1991–92 Cypriot Cup

Tournament details
- Country: Cyprus
- Dates: 9 November 1991 – 10 June 1992
- Teams: 72

Final positions
- Champions: Apollon (4th title)

= 1991–92 Cypriot Cup =

The 1991–92 Cypriot Cup was the 50th edition of the Cypriot Cup. A total of 72 clubs entered the competition. It began on 9 November 1991 with the first preliminary round and concluded on 10 June 1992 with the final which was held at Tsirion Stadium. Apollon won their 4th Cypriot Cup trophy after beating Omonia 1–0 in the final.

== Format ==
In the 1991–92 Cypriot Cup, participated all the teams of the Cypriot First Division, the Cypriot Second Division, the Cypriot Third Division and 30 of the 42 teams of the Cypriot Fourth Division.

The competition consisted of seven knock-out rounds.
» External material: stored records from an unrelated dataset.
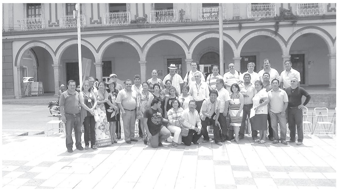
Asistentes al Festival literario en Tlapacoyan, el 26 y 27 de abril de 2014.

Javier Marías: "Escribo para no tener jefe". Conflicto con la autoridad y en consecuencia con la figura paterna. Luisgé Martín: "Porque puede que así comprenda la razón por la que estoy tan, tan enfadado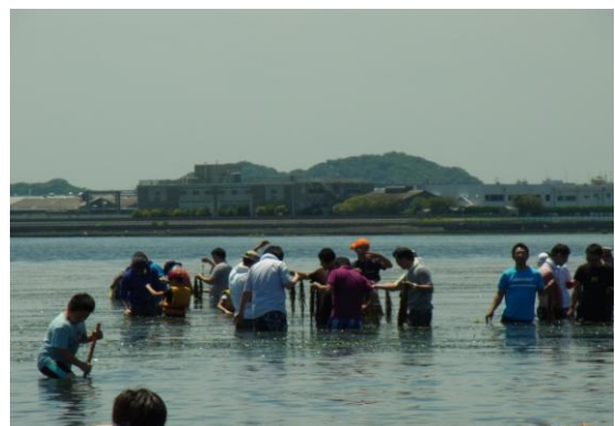
アマモが群生している状況が 遠くからでも確認できる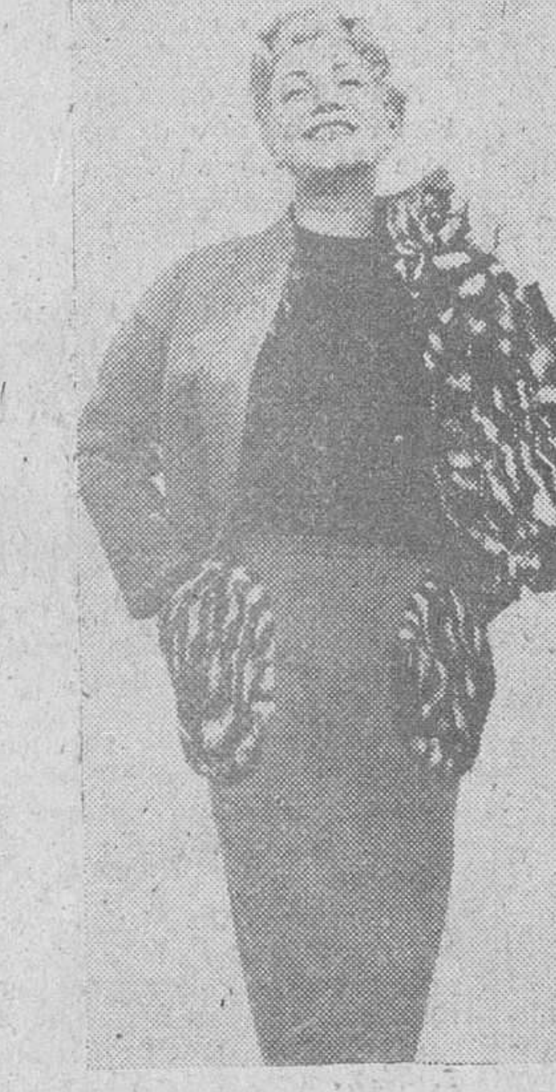
Un conjunto para invierno, a la vez práctico y elegante. La chaqueta y la falda, de lana encarnada, llevan adornos de piel. Jersey negro. Lo firma Jacques Fath.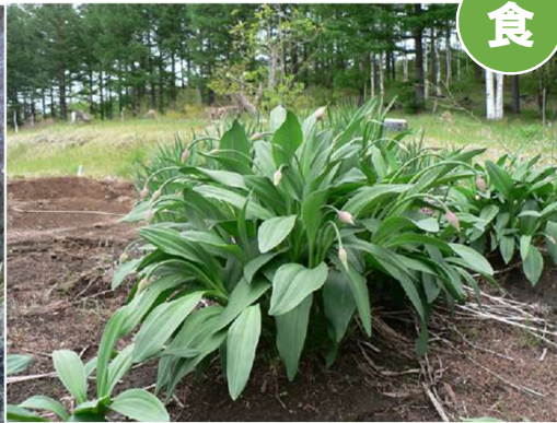
ギョウジャニンニク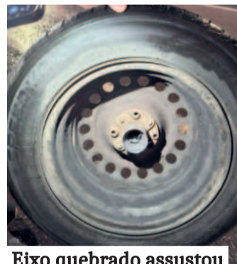
Eixo quebrado assustou na viagem de volta

Conforme Chico, um mecânico levou a van até um posto de gasolina com um guincho e o mesmo trocou o eixo. "Agora resta saber se vamos buscar ou quanto custará para trazer com o guincho desse mecânico. Foi um baita susto, escapamos de um baita acidente", afirma.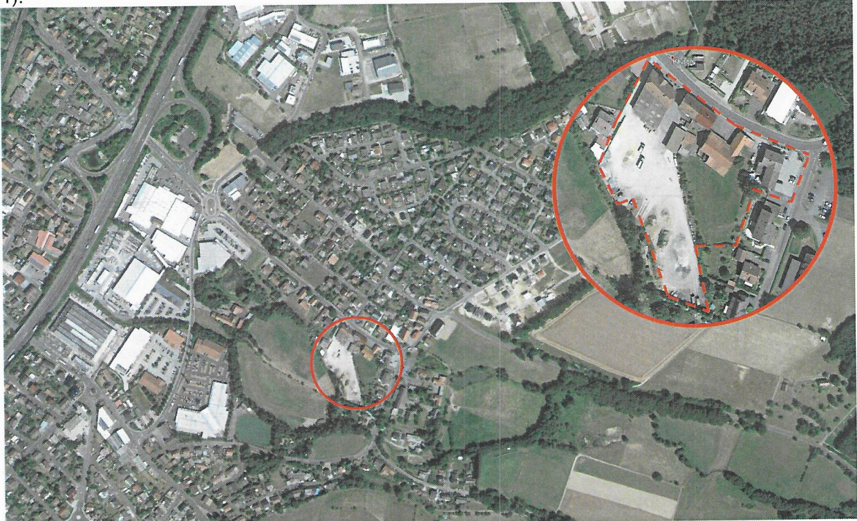
Abb. 1: Luftbild mit Geltungsbereich, ohne Maßstab

Flurstücke 53/A, 53/B, 53/C, 53/D, 53/7, 54, 55 und 56 ganz oder teilweise. Der Geltungsbereich des Bebauungsplans misst eine Größe von ungefähr 1,17 ha. (s. Abb. 1).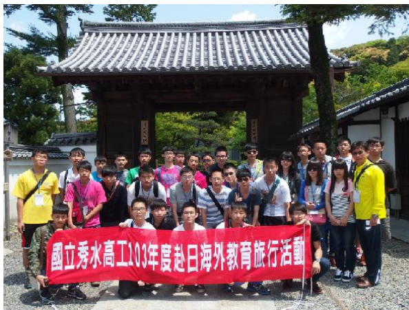
入口人潮多難等待只好旁邊將就一下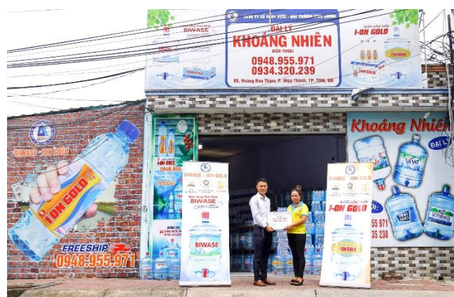
Đại diện BIWASE Ion Gold trao thưởng cho đại lý bán hàng xuất sắc

• BIWASE Ion Gold thưởng lớn cho các đại lý: Tích cực mở rộng thị trường, phát triển trên 1.000 cửa hàng và đại lý trải dài từ các tỉnh Đông và Tây Nam Bộ, Chi nhánh Dịch vụ Đô thị BIWASE với mặt hàng chủ lực là nước uống đóng chia BIWASE và BIWASE Ion Gold đạt doanh thu 117 tỷ đồng. Có 70 đại lý dẫn đầu về doanh số, được chi nhánh thưởng lớn vào dịp tổng kết cuối năm diễn ra vào ngày 1/2/2024.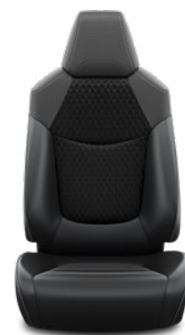
LA21 Čalúnenie textil/ syntetická koža čierne Pre výbavu Executive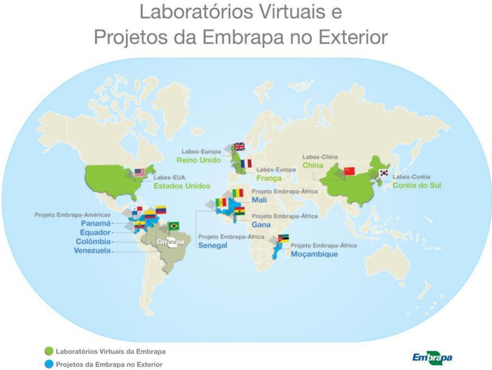
Figura 1: Laboratórios Virtuais e Projetos da Embrapa no Exterior

A instituição está presente em quase todos os Estados da Federação e nos mais diferentes biomas brasileiros por meio de suas unidades descentralizadas. Além de ser a maior empresa de pesquisa agropecuária brasileira, a Embrapa tem intensificado sua atuação internacional por meio de projetos e da criação de Laboratórios Virtuais da Embrapa no Exterior - Labex, tornando-se presente em outros países na América do Norte, na Europa, na Ásia, na África e na América Latina (figura 1).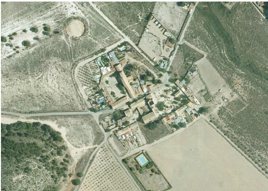
26. Foto 13

Valoración de la trama. Marca solo un óvalo.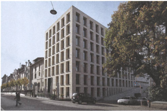
3 Davidstrasse, St. Gallen, 2004.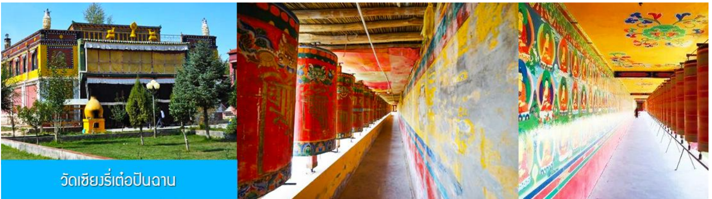
วัดเซียงรีเต๋อปิ่นฉาน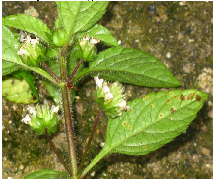
Figura 19. Inflorescencia y tallos de Hyptis atrorubens

Ejemplares examinados. Magdalena: Santa Marta, Hacienda la Victoria Cuenca Media del río Gaira 1200 msnm, 24 sep 2011, N. Chávez 021 (UTMC). Otros ejemplares examinados: Ciénaga, Siberia Sierra Nevada de Santa Marta, Vereda el Congo, 1000 msnm, 15 feb 2009, P. Montoya 232 fl (COL).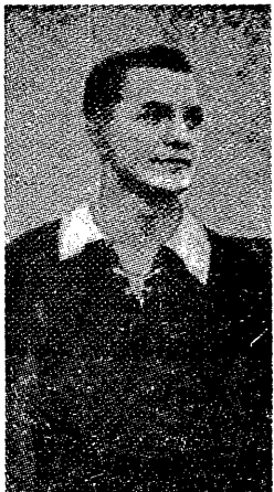
Pracujący łącznik Rapidu i reprezentacji Austrii Diest — niesłuszny bohater spotkania Austrii — Holandii (3:2)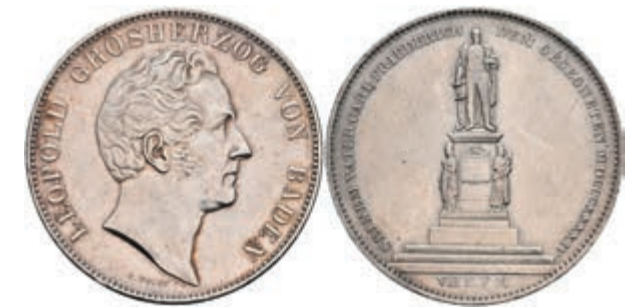
138 Doppeltaler, 1844, Carl Leopold Friedrich, Carl-Friedrich-Denkmal, AKS 110, J. 59, kl. Rf., ss. 150,—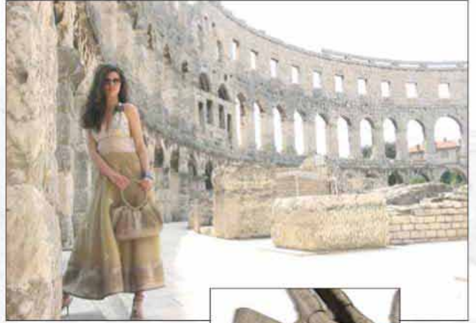
TORBA T-02AR-02 100% pamuk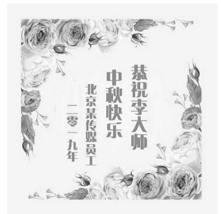
▲北京某传媒员工中秋贺卡

我们员工中,有结婚数年没有孩子,因为退出中共党团组织后,喜得贵子的;有家属出差在宾馆触电,默念“法轮大法好”遇难呈祥的;有出车遇到劫匪,默念“法轮大法好”平安无事的;有采访夜归,遇到抢手机的,默念“法轮大法好”劫匪吓跑的;有刹车失灵,默念“法轮大法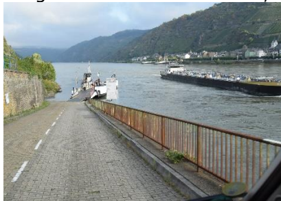
Vi tager færgen over Rhinen til Kaub

Efter vi havde nydt morgenmaden, gjorde vi os klar til at forlade Bacharach for denne gang, men vi kommer igen! Vi havde besluttet os for, at vi ville køre langs Rhinen mod Rhüdesheim, så vi tog færgen over Rhinen til Kaub, og kørte mod syd på B42. Der var vejarbejde tre steder, men vi var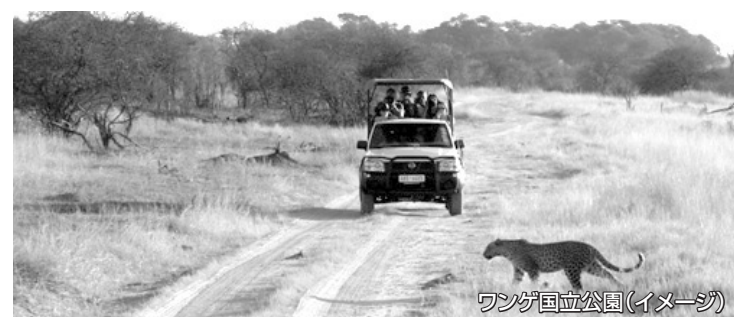
ワング国立公園(イメージ)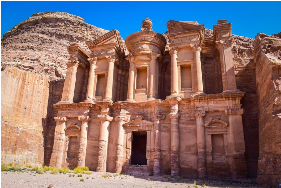
Tarixi Petra (İordaniya)

Haqqında bəhs olunan həmin qövm də, öz peyğəmbərlərinin gətirmiş olduğu haqq çağırısına məhəl qoymamış və beləcə həlak edilərək tarix səhnəsindən silinib getmişlər. Qurduqları şəhər tikililəri isə, insanlara ibrət olsun deyə, günümüzə qədər mövcudluğunu qorumuşdur. Nəbatilərin paytaxt şəhəri olan Petra: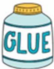
กาวลาเท็กซ์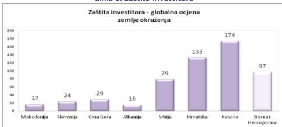
Slika 8: Zaštita investitora

Indeks obima otkrivanja bavi se transparentnošću transakcija prema javnosti i dioničarima, obavještavanjem dioničara o urađenim transakcijama, te mogućnošću sprečavanja problematičnih transakcija da se uopšte dese. Indeks odgovornosti direktora pokazuje zaštitu investitora od štete koju direktor i uprava firme mogu učiniti i način da se odgovorni efikasno kazne, te da se investitori novčano obeštete zbog nemara i lošeg rada menadžmenta kompanija. Indeks lakoće tužbe dioničara pokazuje kolika je raspoloživost dokumenata koji mogu biti korišteni prilikom suđenja, kolika je mogućnost investitora da saslušaju svjedoke i kakva je saradnja sa inspeksijskim službama da se istraže sumnjive transakcije i odluke.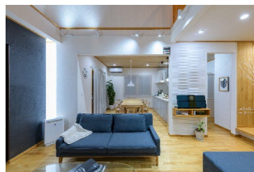
朝・起床時：覚醒を促す白くて明るい自然な光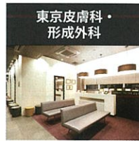
東京皮膚科・形成外科

中央区銀座2-11-8 ラウンドロス銀座3F ☎03-3545-8000 ベビーペプチド点滴(歯髄) 一本¥50,000、ベビーペプチド注射(歯髄)によるAGA治療・部分注射¥50,000、シルファーム全額¥50,000 現在の日本の最新美容医療トレンドの発信源。池田先生アンテナに益々期待。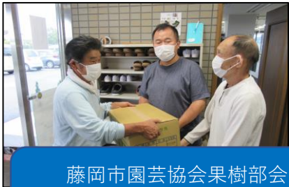
藤岡市園芸協会果樹部会より 梨を頂きました。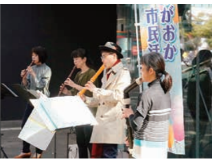
▲リコーダー音楽部による演奏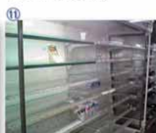
⑪ 仙台市内のコンビニ：震災後、営業中のコンビニやスーパーから食料が消えた。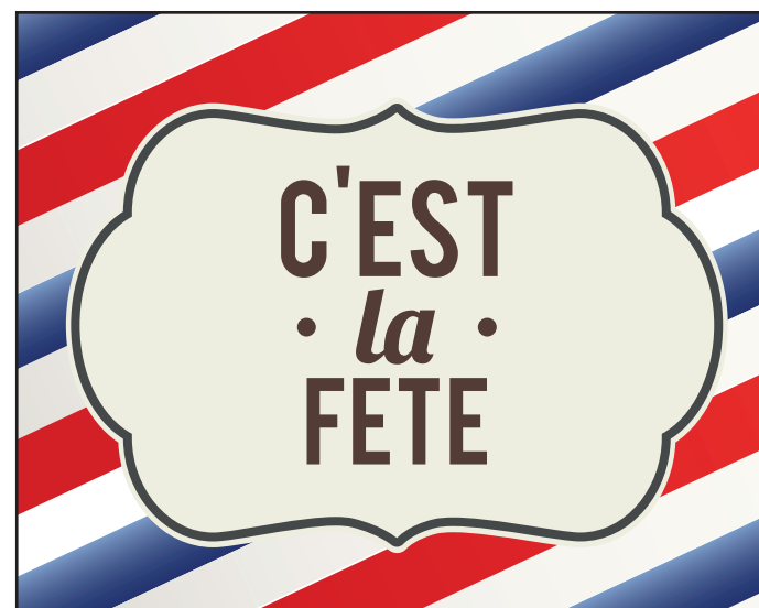
Contours bouteilles - Imprimez sur du papier ordinaire puis coller sur vos bouteilles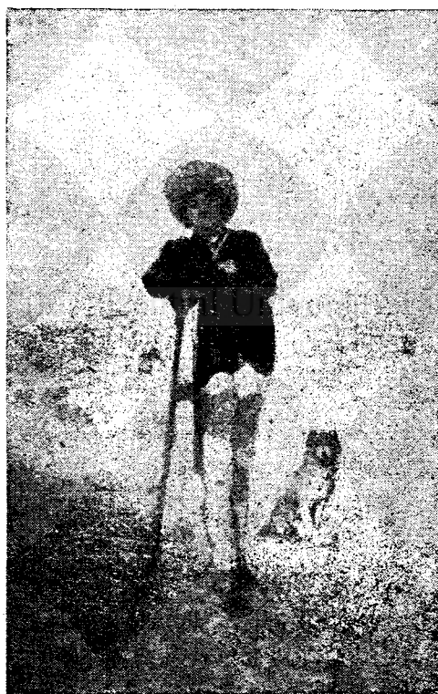
„Ciobănașul” pictură de N. Grigorescu

Respectând credința altuia, folo- sești credinței tale proprii.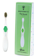
Moncarotte kids 0+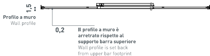
Sezione a 100 cm Section at 100 cm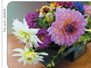
Kwiaty posadzone w rynnach. W ten sposób mieszkańcy Chudoby, znani z zamilowania do dekarstwa, upiększają dachy swoich domów

Od 12 do 14 września grupa sołtysów z Mazowsza uczestniczyła w wycieczce studyjnej „Z funduszem sołeckim ku odno-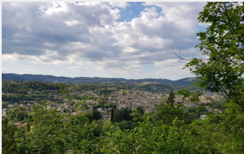
Vue sur la vallée de la Colagne et de Marvejols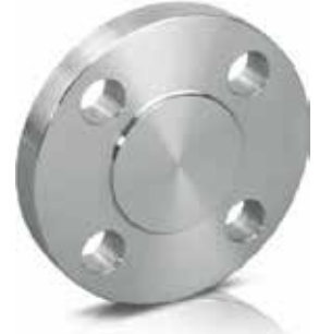
● Kör Flanş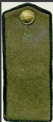
Рядовой , технических родов войск, полевая форма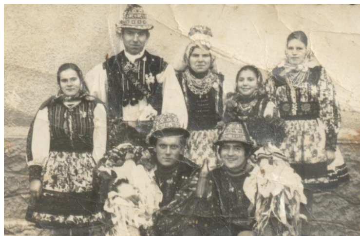
Miri cu drujbe (domnișoare de onoare) și stegași (domnișori de onoare) cu steagurile (1980)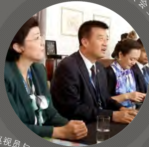
湖北省外事侨务办公室严新桥副巡视员与匈牙利外交官交谈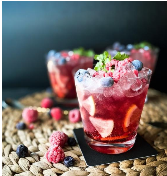
▲Berry Berry Lemon Gin & Tonic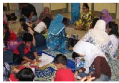
Concurso de pintura para niños.

Debido a limitaciones de recursos económicos se canceló el tercer Foro Global de WABA, originalmente planeado para ser realizado en Junio del 2010 en Québec, Canadá.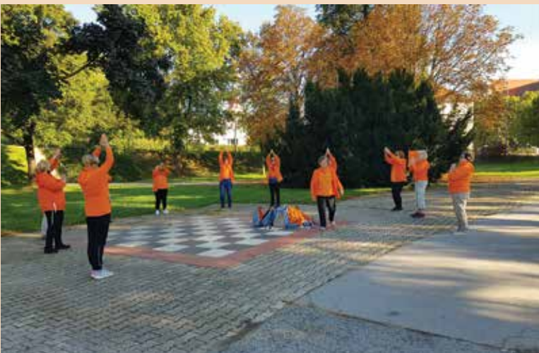
Po prihodu v Ptuj smo izvedli telovadbo v mestnem parku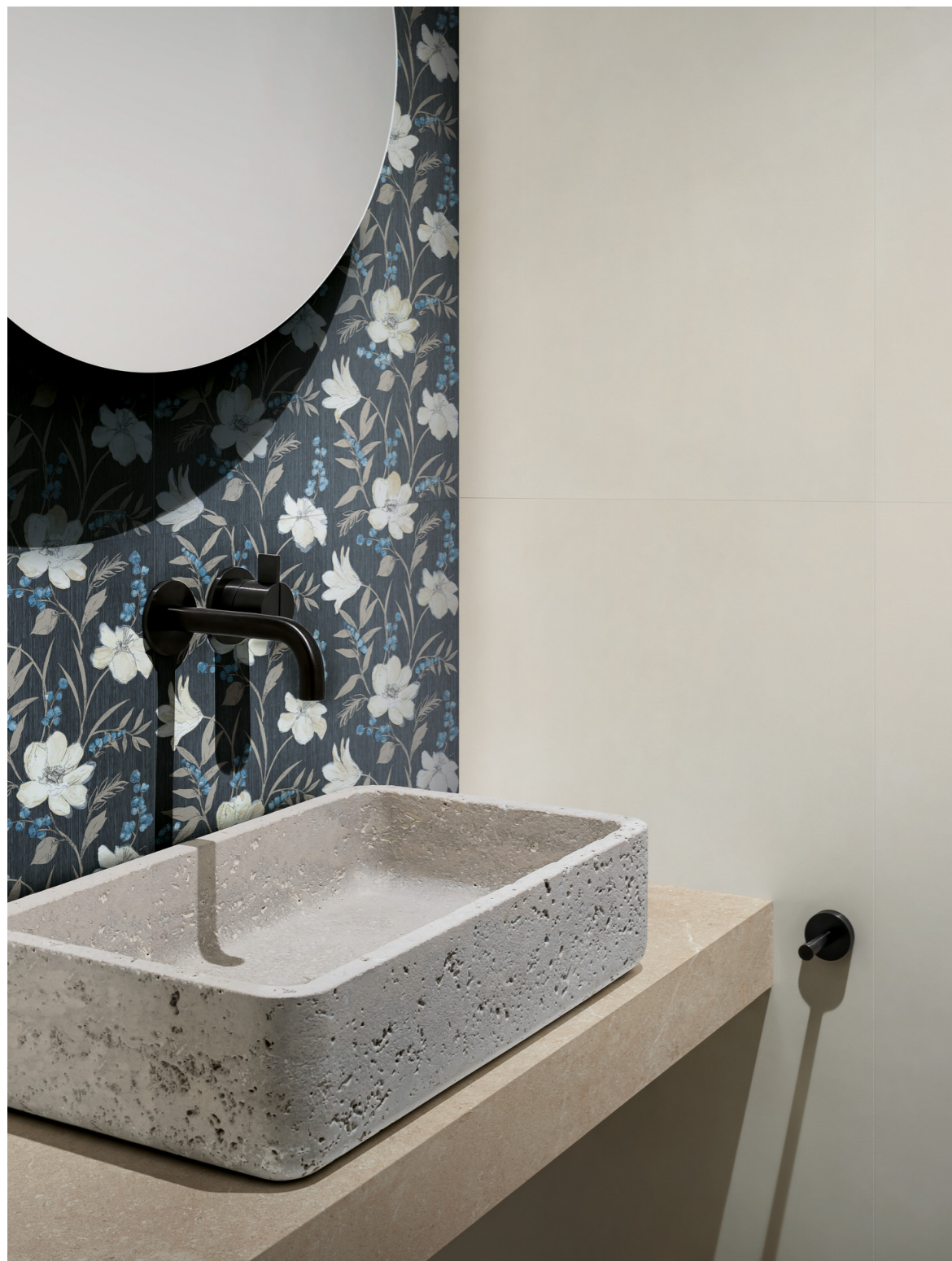
MCSQ Poster Anthracite Rt 60x120cm MAD8 Poster Decoro Exotic Rt 60x120cm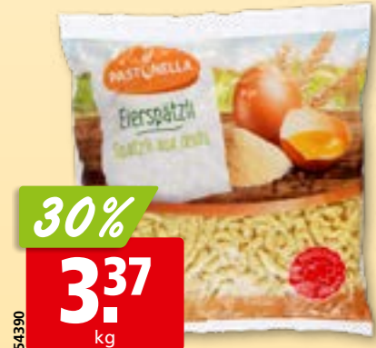
54390 Spätzli aux œufs Pastinella 2 kg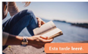
Esta tarde leeré.

Palabras que expresan acciones y que indican: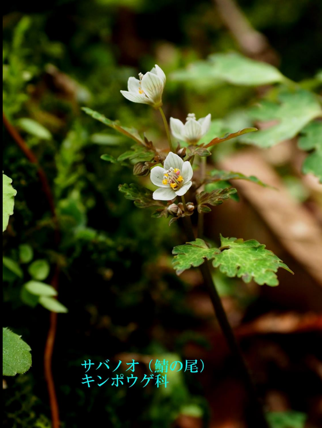
サバノオ (鯖の尾) キンポウゲ科

In the preliminary rounds each tie was played as a single leg and was held at the home ground of one of the two teams, according to the draw results. Each tie winner was qualifying to the next round. If a match was drawn, extra time was following. If extra time was drawn, there was a replay at the ground of the team who were away for the first game. If the rematch was also drawn, then extra time was following and if the match remained drawn after extra time the winner was decided by penalty shoot-out.

The next four rounds were played in a two-legged format, each team playing a home and an away match against their opponent. The team which scored more goals on aggregate, was qualifying to the next round. If the two teams scored the same number of goals on aggregate, then the team which scored more goals away from home was advancing to the next round.

If both teams had scored the same number of home and away goals, then extra time was following after the end of the second leg match. If during the extra thirty minutes both teams had managed to score, but they had scored the same number of goals, then the team who scored the away goals was advancing to the next round (i.e. the team which was playing away). If there weren't scored any goals during extra time, the qualifying team was determined by penalty shoot-out.

The cup winner secured a place in the 1992–93 European Cup Winners' Cup.

== First preliminary round ==
All the 14 clubs of the Cypriot Third Division and 30 clubs from the Cypriot Fourth Division (first ten of the league table of each group at the day of draw) participated in the first preliminary round.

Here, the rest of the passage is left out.